Getty Footage for TCM
“When it acquired right here time to pitch ideas to TCM this yr for numerous points to level out on the competitors, I added my conventional VistaVision wishlist to the combo,” Barker said. “Closing yr, I’d proposed a celebration for the seventieth anniversary of this imaginative and prescient. Nonetheless it was Columbia’s 100th anniversary, so that obtained the celebration, as a result of it must — considerably higher to highlight. Nonetheless this time I thought of a ‘why not go giant or go dwelling’ pitch: Hey, we obtained some VistaVision film prints, and if you happen to’ll discover a projector, you probably can current ’em.’ And out of the blue it wasn’t solely a crazy idea, it was really an idea that’s prone to be going down. So over the holidays, all of us began working. Charlie and Genevieve at TCM began working attempting out your entire stuff at TCM to see if they might make it happen. C. Chapin Cutler and Sean McKinnon at Boston Delicate & Sound started investigating to see if [they could get some projectors to make it work. By January, we were all in, and then started a massive team effort.”
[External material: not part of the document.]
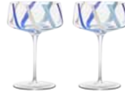
Champagne Coupes Azure - Set of 2 4.25x4.25x6" / 10oz ASD10206

She’s thankful to Cutler for providing the all-important projectors, which “don’t exist. They took some of the original six projectors that were built originally to project ‘White Christmas.’ They had three of the six, and out of those three, they made two that function, and those are the two that are up in the booth today.”
Cutler told Variety, “I collected them originally in 1984. They came out of a dealer’s boneyard in Dallas, Texas. They were two of the original six Century prototypes that Century made in 28 days. They either went to Radio City Music Hall, the Warner Theater in Beverly Hills or to the Paramount (studio) theater here in L.A. How they got to Dallas, I’ve got no clue.”
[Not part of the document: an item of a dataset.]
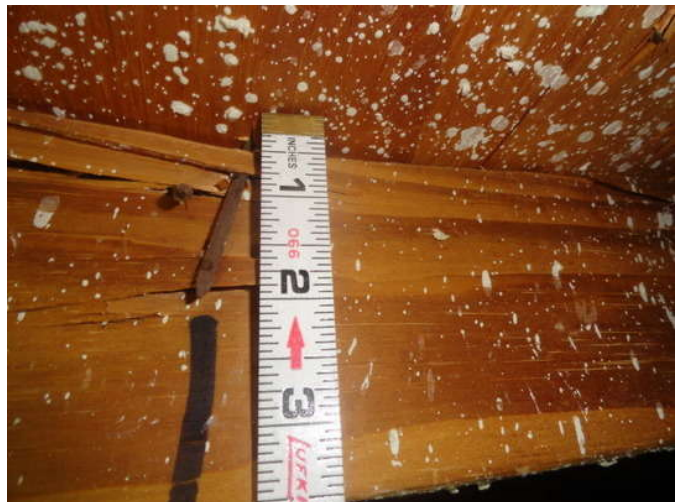
Roof Deck Attachment; 8d Nail.

Cutler says that for a time, colonial Williamsbug had a set of projectors they were using for 40-minute special attraction films. Some time in the ‘70s, they sold those to Lucasfilm, “and those were the machines that they used for doing the background plates and the special effects work for ‘Star Wars.’” (FX people liked working with VistaVision for a time because of the added clarity, even though those sequences got transferred down to standard 35mm when it came time to integrate with the live-action work.) “And Doug Trumball used VistaVision for the original entertainments at the Luxor Hotel. There are a few of those machines still around too. But once again, it’s not feature film work, that’s special effects work.”
Cutler is taking the two projectors that were installed in the Chinese back to Boston now that TCM Fest is over. But Barker is hopeful they’ll be brought back next year, to show some more of the massive prints that exist in the Paramount archive. “I’d like to go back into the vault, and personally, I would like to do ‘10 Commandments.’ I would like to see us do ‘One Eyed Jacks’ [the early ‘60s release that was the last feature filmed in VistaVision in its original run]. And I’d desire to see us do ‘The Massive Nation’ in Technorama, which is VistaVision in anamorphic format… merely further bucket file objects.”
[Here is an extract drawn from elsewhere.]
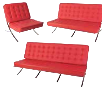
C-SS-32 Barcelona Red Sofa (3 seater)
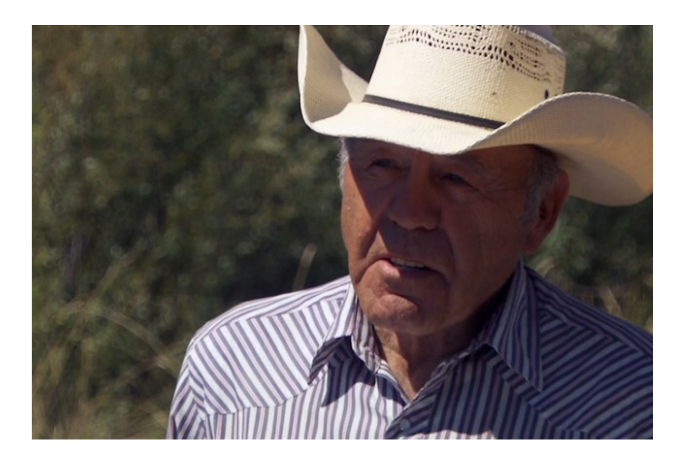
"The courts determined that the Klamath Tribes had senior water rights throughout the former reservation and that caused a lot of contention of non-tribal members here that depended on it. ... But the tribes [have] always been willing to share, and we're sharing some of that water today."

And is anyone guessing what’s going to happen with the P.T. Anderson film winding its strategy into the few VistaVision projectors that exist? “It’s not a name that’s been made however,” says Cutler, “nevertheless they’vebeen very happy with how their trailer will look, from the first time they’ve seen any little little little bit of VistaVision stuff on an enormous show. So we preserve our fingers crossed.”
And for Barker — a preservationist who has gained awards for her work restoring “The Godfather,” amongst completely different Paramount initiatives — this yr’s competitors was a dream come true. “A yr prior to now, I in no way thought this can be going down,” she said. “I’m the nosy one which found prints throughout the archive. (Typically) the annoying particular person, that’s what it takes.”